The Daily Wildcat sat down with Bridgette Nobbe, coordinator of Campus Pantry and Campus Closet, to learn more about Campus Pantry and the vital role it plays in combating food insecurity on campus.
This article is the third in a series of three profiling the University of Arizona’s Campus Pantry. It answers questions about how the pantry has fared during the COVID-19 pandemic, what has changed and more.
How has the COVID-19 pandemic changed the way Campus Pantry operates?
“While some programs around campus had the ability to choose whether or not they would go remote, for us there is not a remote answer to food insecurity,” Nobbe said. “At the end of the day, we're going to have to be present physically in some capacity.”
The pantry decided against pre-bagging food because it wouldn’t be able to keep up with demand, as the UA’s pantry serves a greater number of students than most other college pantries.
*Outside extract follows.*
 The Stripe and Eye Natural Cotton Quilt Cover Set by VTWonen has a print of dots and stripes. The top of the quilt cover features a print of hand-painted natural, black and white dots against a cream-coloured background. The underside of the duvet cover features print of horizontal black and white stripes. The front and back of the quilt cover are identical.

The pantry does observe social distancing and other public health measures, which is why it recently moved to the Sonora room in the Student Union Memorial Center.
During the pandemic, instead of selecting their own food, students point to and say what they want from behind a Plexiglass wall. Like in all campus buildings, masks are required on university property.
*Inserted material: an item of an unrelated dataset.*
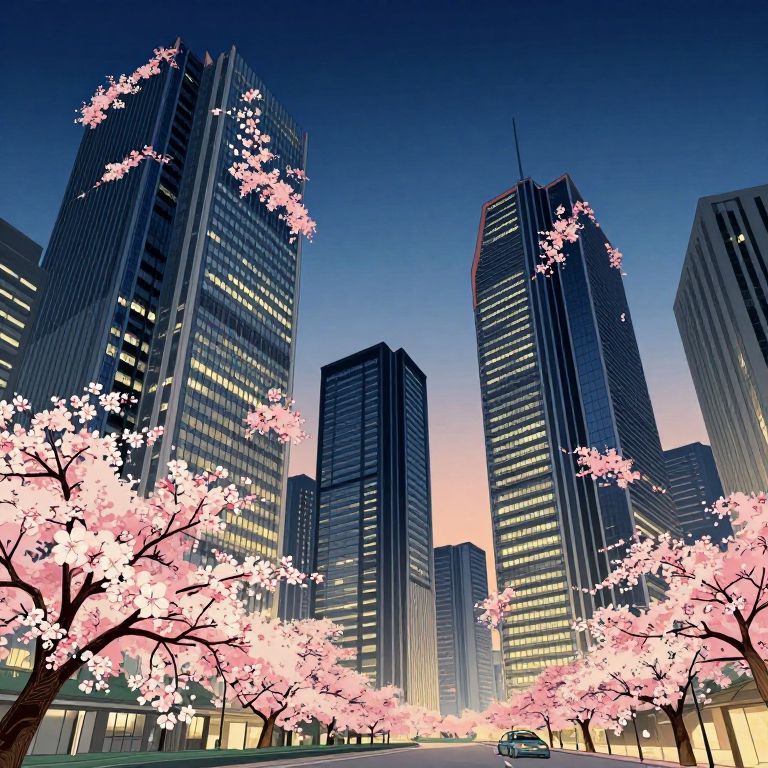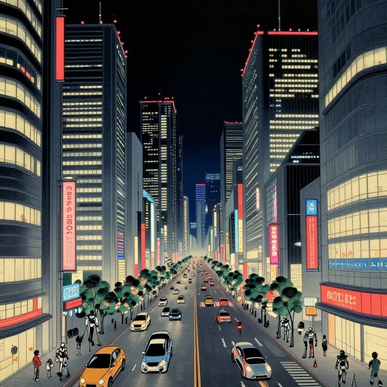 A futuristic cityscape at night, reminiscent of Japanese ukiyo-e woodblock prints, features towering skyscrapers illuminated by vibrant neon lights. The bustling street below is filled with advanced vehicles and androids, creating a striking visual narrative that reflects both nostalgia and innovation. This unique fusion of traditional Japanese aesthetics with high-tech elements challenges viewers to imagine a world where the past seamlessly blends with the future, evoking a sense of wonder and intrigue.

How has attendance at food distributions changed?
According to Nobbe, in the first half of the spring semester, Campus Pantry served 1,427 unique visitors over the course of 24 distributing days. In the second half of the spring semester, once COVID-19 cases began to surge, the pantry only had 715 users over the course of 26 distributing days. The number of enrolled students served dropped from 1,262 to 509, respectively.
The pantry usually serves 1,900 to 2,000 unique visitors per semester, according to Nobbe. When the Daily Wildcat spoke with her in March 2020, she said that the pantry was only seeing about 700 visitors.
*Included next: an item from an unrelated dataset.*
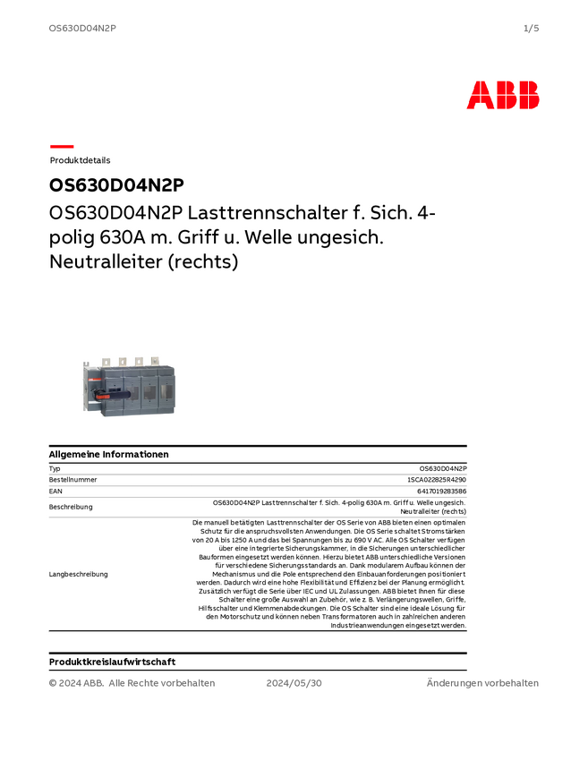 ABB OS630D04N2P Rozłącznik 570 A 1 szt.

Why are more university staff using the pantry?
Before the COVID-19 pandemic, specifically from Jan. 1, 2020, to March 10, 2020, staff and other non-student pantry visitors made up 12% of all unique users. For the remainder of the spring 2020 semester, from March 17 to May 13, this demographic increased to make up 29% of unique users, according to the 2019-2020 Campus Pantry Executive Summary.
Nobbe attributes the increase in university staff utilizing Campus Pantry to university layoffs, furloughs and shift reductions.
“Again, that was a lot of those janitorial staff, kitchen staff, and most of those folks were on the list of people that were laid off at this university. If you think of all the restaurants that closed, a lot of those staff, that's where they were working, or their hours were cut,” Nobbe said. “Those staff who used to work every day from 5 a.m. to like 3 p.m. now work until about 10 a.m. because there's just not as much stuff to do because there's not places on campus that are open to sell those items, and so that's been a huge thing with a lot of these folks. Pay has just been completely cut in half, and so that's part of the reason that we've seen a lot of that increase.”
How has the pandemic affected donations?
Though the COVID-19 pandemic has certainly put a dent in the number of in-kind donations, Nobbe noted that the pantry has actually received more monetary donations than it ever has before.
The decrease in in-kind donations can be attributed to the lack of food drives held in-person throughout the year. The pantry usually holds food drives related to homecoming, club olympics, tailgates and family weekend, all of which were cancelled in 2020.
“Every department on campus did a drive around Thanksgiving,” Nobbe said. “It was like the ‘give back time of year’ around Thanksgiving and December. None of those happened. Spring Fling is a huge drive that we have in April that's not happening. We didn't have our annual benefit dinner.”
Where does Campus Pantry stand financially?
“I think ‘breaking even’ is probably the best way to describe it,” Nobbe said.
Though donations are down, so is the number of weekly visitors. Less people using the pantry means less money is spent replenishing it with groceries.
“We are just spending about $1,000 to about $2,000 a week,” Nobbe said. "It's probably what we spend on groceries right now, but we used to spend about $3,000 to $3,500 a week on groceries, but we have less people now and so that's partly why we are doing okay.”
Is there concern about the return to full in-person instruction this fall?
“I'd say I'm still worried about it,” Nobbe said.
As user rates return to pre-pandemic levels, the pantry may struggle to keep up with demand.
“It's pretty privileged, I think, to think that once this is over that they'll be fine because I think a lot of people really went into their savings account or were in the hole and stuff,” Nobbe said. “I know talking to students, a lot of them have charged way more to their credit card, and I think they're gonna try to be paying that off more next year.”
Provided they’re held in person this year, Nobbe anticipated an influx of monetary and in-kind donations from events like homecoming and family weekend during the fall 2021 semester.
Editor's Note: This piece was produced as part of the "Confronting Scarcity Project" – a collection of reporting, commentary, maps, audio and more aimed at destigmatizing and amplifying the conversation around food and basic needs insecurity. This project was produced with students and the university community in mind as part of a collaboration between the Daily Wildcat and the UA School of Journalism's student media apprenticeship program.